■ **REQUIRED WORK**: Print the data again, exactly.

===

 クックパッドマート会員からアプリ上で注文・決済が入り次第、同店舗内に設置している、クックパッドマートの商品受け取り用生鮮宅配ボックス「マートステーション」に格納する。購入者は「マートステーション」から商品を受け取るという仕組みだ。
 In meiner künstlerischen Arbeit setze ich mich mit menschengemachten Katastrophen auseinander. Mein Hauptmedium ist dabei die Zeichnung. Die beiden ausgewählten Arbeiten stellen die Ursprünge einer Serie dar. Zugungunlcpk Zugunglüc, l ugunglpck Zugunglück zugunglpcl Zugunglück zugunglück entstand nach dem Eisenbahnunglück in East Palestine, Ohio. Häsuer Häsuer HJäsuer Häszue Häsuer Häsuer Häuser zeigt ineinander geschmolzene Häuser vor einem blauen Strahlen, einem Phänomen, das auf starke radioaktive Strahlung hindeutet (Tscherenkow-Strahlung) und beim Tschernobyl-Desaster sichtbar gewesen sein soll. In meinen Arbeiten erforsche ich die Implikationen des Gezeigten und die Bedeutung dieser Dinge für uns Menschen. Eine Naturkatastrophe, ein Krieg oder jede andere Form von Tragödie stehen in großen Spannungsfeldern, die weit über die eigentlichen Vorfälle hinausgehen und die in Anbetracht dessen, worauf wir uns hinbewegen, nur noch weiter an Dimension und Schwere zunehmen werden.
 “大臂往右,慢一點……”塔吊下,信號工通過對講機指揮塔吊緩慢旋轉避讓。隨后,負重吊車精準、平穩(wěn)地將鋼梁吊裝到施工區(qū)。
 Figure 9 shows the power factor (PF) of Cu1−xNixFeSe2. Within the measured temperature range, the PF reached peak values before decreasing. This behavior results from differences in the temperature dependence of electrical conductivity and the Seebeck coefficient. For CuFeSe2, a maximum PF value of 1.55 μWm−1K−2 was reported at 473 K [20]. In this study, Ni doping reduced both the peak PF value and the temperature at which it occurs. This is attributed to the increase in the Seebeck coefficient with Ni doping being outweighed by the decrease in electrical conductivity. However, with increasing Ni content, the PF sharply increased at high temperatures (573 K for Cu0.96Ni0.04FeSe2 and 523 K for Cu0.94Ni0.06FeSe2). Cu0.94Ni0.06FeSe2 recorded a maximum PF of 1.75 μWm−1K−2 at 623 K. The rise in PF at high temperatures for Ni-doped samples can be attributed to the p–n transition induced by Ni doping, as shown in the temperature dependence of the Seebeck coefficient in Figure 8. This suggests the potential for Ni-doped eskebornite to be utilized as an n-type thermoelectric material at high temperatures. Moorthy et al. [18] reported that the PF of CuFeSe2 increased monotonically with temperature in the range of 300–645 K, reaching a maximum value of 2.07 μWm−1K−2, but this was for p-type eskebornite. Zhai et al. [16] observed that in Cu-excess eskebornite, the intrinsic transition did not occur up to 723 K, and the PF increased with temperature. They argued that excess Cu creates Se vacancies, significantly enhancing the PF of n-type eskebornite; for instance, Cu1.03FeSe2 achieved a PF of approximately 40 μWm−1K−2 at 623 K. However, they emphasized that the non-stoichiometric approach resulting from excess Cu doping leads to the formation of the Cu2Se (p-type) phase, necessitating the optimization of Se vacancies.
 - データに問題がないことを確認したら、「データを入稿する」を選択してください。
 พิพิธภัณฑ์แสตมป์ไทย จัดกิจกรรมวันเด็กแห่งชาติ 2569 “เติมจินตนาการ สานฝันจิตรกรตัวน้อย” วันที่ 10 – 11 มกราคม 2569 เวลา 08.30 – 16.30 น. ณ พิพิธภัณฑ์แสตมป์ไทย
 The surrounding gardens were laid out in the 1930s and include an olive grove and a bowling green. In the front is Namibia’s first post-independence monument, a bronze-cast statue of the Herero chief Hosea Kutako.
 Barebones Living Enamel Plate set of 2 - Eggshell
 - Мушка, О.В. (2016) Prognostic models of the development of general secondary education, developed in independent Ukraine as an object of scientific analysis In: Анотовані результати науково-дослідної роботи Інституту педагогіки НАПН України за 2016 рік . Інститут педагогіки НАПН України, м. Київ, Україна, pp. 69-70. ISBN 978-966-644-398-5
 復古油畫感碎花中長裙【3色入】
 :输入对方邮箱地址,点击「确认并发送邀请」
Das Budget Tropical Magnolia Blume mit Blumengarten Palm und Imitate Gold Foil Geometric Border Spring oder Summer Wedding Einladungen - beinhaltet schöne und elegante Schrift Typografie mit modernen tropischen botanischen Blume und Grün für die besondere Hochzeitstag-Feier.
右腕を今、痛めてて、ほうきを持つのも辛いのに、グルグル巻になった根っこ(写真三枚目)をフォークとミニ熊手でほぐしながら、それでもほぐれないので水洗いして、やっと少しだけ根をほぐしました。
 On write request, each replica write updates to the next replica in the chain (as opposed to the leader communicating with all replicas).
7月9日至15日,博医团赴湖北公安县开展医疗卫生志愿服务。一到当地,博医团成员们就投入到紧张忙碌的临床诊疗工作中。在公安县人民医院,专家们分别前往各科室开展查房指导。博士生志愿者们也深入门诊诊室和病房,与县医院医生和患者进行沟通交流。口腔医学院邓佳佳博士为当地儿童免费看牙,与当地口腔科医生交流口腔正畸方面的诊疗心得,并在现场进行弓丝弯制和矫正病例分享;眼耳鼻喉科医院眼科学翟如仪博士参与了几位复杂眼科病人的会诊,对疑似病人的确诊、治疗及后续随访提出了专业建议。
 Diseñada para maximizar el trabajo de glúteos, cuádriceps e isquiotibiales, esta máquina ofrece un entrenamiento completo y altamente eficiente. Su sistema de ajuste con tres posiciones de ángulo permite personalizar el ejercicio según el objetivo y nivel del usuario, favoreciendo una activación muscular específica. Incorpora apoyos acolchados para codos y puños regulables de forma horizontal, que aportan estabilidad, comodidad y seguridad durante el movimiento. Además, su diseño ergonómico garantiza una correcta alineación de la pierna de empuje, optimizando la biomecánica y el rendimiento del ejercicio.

===

■ **SOLVED PROBLEM**:
 クックパッドマート会員からアプリ上で注文・決済が入り次第、同店舗内に設置している、クックパッドマートの商品受け取り用生鮮宅配ボックス「マートステーション」に格納する。購入者は「マートステーション」から商品を受け取るという仕組みだ。
 In meiner künstlerischen Arbeit setze ich mich mit menschengemachten Katastrophen auseinander. Mein Hauptmedium ist dabei die Zeichnung. Die beiden ausgewählten Arbeiten stellen die Ursprünge einer Serie dar. Zugungunlcpk Zugunglüc, l ugunglpck Zugunglück zugunglpcl Zugunglück zugunglück entstand nach dem Eisenbahnunglück in East Palestine, Ohio. Häsuer Häsuer HJäsuer Häszue Häsuer Häsuer Häuser zeigt ineinander geschmolzene Häuser vor einem blauen Strahlen, einem Phänomen, das auf starke radioaktive Strahlung hindeutet (Tscherenkow-Strahlung) und beim Tschernobyl-Desaster sichtbar gewesen sein soll. In meinen Arbeiten erforsche ich die Implikationen des Gezeigten und die Bedeutung dieser Dinge für uns Menschen. Eine Naturkatastrophe, ein Krieg oder jede andere Form von Tragödie stehen in großen Spannungsfeldern, die weit über die eigentlichen Vorfälle hinausgehen und die in Anbetracht dessen, worauf wir uns hinbewegen, nur noch weiter an Dimension und Schwere zunehmen werden.
 “大臂往右,慢一點……”塔吊下,信號工通過對講機指揮塔吊緩慢旋轉避讓。隨后,負重吊車精準、平穩(wěn)地將鋼梁吊裝到施工區(qū)。
 Figure 9 shows the power factor (PF) of Cu1−xNixFeSe2. Within the measured temperature range, the PF reached peak values before decreasing. This behavior results from differences in the temperature dependence of electrical conductivity and the Seebeck coefficient. For CuFeSe2, a maximum PF value of 1.55 μWm−1K−2 was reported at 473 K [20]. In this study, Ni doping reduced both the peak PF value and the temperature at which it occurs. This is attributed to the increase in the Seebeck coefficient with Ni doping being outweighed by the decrease in electrical conductivity. However, with increasing Ni content, the PF sharply increased at high temperatures (573 K for Cu0.96Ni0.04FeSe2 and 523 K for Cu0.94Ni0.06FeSe2). Cu0.94Ni0.06FeSe2 recorded a maximum PF of 1.75 μWm−1K−2 at 623 K. The rise in PF at high temperatures for Ni-doped samples can be attributed to the p–n transition induced by Ni doping, as shown in the temperature dependence of the Seebeck coefficient in Figure 8. This suggests the potential for Ni-doped eskebornite to be utilized as an n-type thermoelectric material at high temperatures. Moorthy et al. [18] reported that the PF of CuFeSe2 increased monotonically with temperature in the range of 300–645 K, reaching a maximum value of 2.07 μWm−1K−2, but this was for p-type eskebornite. Zhai et al. [16] observed that in Cu-excess eskebornite, the intrinsic transition did not occur up to 723 K, and the PF increased with temperature. They argued that excess Cu creates Se vacancies, significantly enhancing the PF of n-type eskebornite; for instance, Cu1.03FeSe2 achieved a PF of approximately 40 μWm−1K−2 at 623 K. However, they emphasized that the non-stoichiometric approach resulting from excess Cu doping leads to the formation of the Cu2Se (p-type) phase, necessitating the optimization of Se vacancies.
 - データに問題がないことを確認したら、「データを入稿する」を選択してください。
 พิพิธภัณฑ์แสตมป์ไทย จัดกิจกรรมวันเด็กแห่งชาติ 2569 “เติมจินตนาการ สานฝันจิตรกรตัวน้อย” วันที่ 10 – 11 มกราคม 2569 เวลา 08.30 – 16.30 น. ณ พิพิธภัณฑ์แสตมป์ไทย
 The surrounding gardens were laid out in the 1930s and include an olive grove and a bowling green. In the front is Namibia’s first post-independence monument, a bronze-cast statue of the Herero chief Hosea Kutako.
 Barebones Living Enamel Plate set of 2 - Eggshell
 - Мушка, О.В. (2016) Prognostic models of the development of general secondary education, developed in independent Ukraine as an object of scientific analysis In: Анотовані результати науково-дослідної роботи Інституту педагогіки НАПН України за 2016 рік . Інститут педагогіки НАПН України, м. Київ, Україна, pp. 69-70. ISBN 978-966-644-398-5
 復古油畫感碎花中長裙【3色入】
 :输入对方邮箱地址,点击「确认并发送邀请」
Das Budget Tropical Magnolia Blume mit Blumengarten Palm und Imitate Gold Foil Geometric Border Spring oder Summer Wedding Einladungen - beinhaltet schöne und elegante Schrift Typografie mit modernen tropischen botanischen Blume und Grün für die besondere Hochzeitstag-Feier.
右腕を今、痛めてて、ほうきを持つのも辛いのに、グルグル巻になった根っこ(写真三枚目)をフォークとミニ熊手でほぐしながら、それでもほぐれないので水洗いして、やっと少しだけ根をほぐしました。
 On write request, each replica write updates to the next replica in the chain (as opposed to the leader communicating with all replicas).
7月9日至15日,博医团赴湖北公安县开展医疗卫生志愿服务。一到当地,博医团成员们就投入到紧张忙碌的临床诊疗工作中。在公安县人民医院,专家们分别前往各科室开展查房指导。博士生志愿者们也深入门诊诊室和病房,与县医院医生和患者进行沟通交流。口腔医学院邓佳佳博士为当地儿童免费看牙,与当地口腔科医生交流口腔正畸方面的诊疗心得,并在现场进行弓丝弯制和矫正病例分享;眼耳鼻喉科医院眼科学翟如仪博士参与了几位复杂眼科病人的会诊,对疑似病人的确诊、治疗及后续随访提出了专业建议。
 Diseñada para maximizar el trabajo de glúteos, cuádriceps e isquiotibiales, esta máquina ofrece un entrenamiento completo y altamente eficiente. Su sistema de ajuste con tres posiciones de ángulo permite personalizar el ejercicio según el objetivo y nivel del usuario, favoreciendo una activación muscular específica. Incorpora apoyos acolchados para codos y puños regulables de forma horizontal, que aportan estabilidad, comodidad y seguridad durante el movimiento. Además, su diseño ergonómico garantiza una correcta alineación de la pierna de empuje, optimizando la biomecánica y el rendimiento del ejercicio.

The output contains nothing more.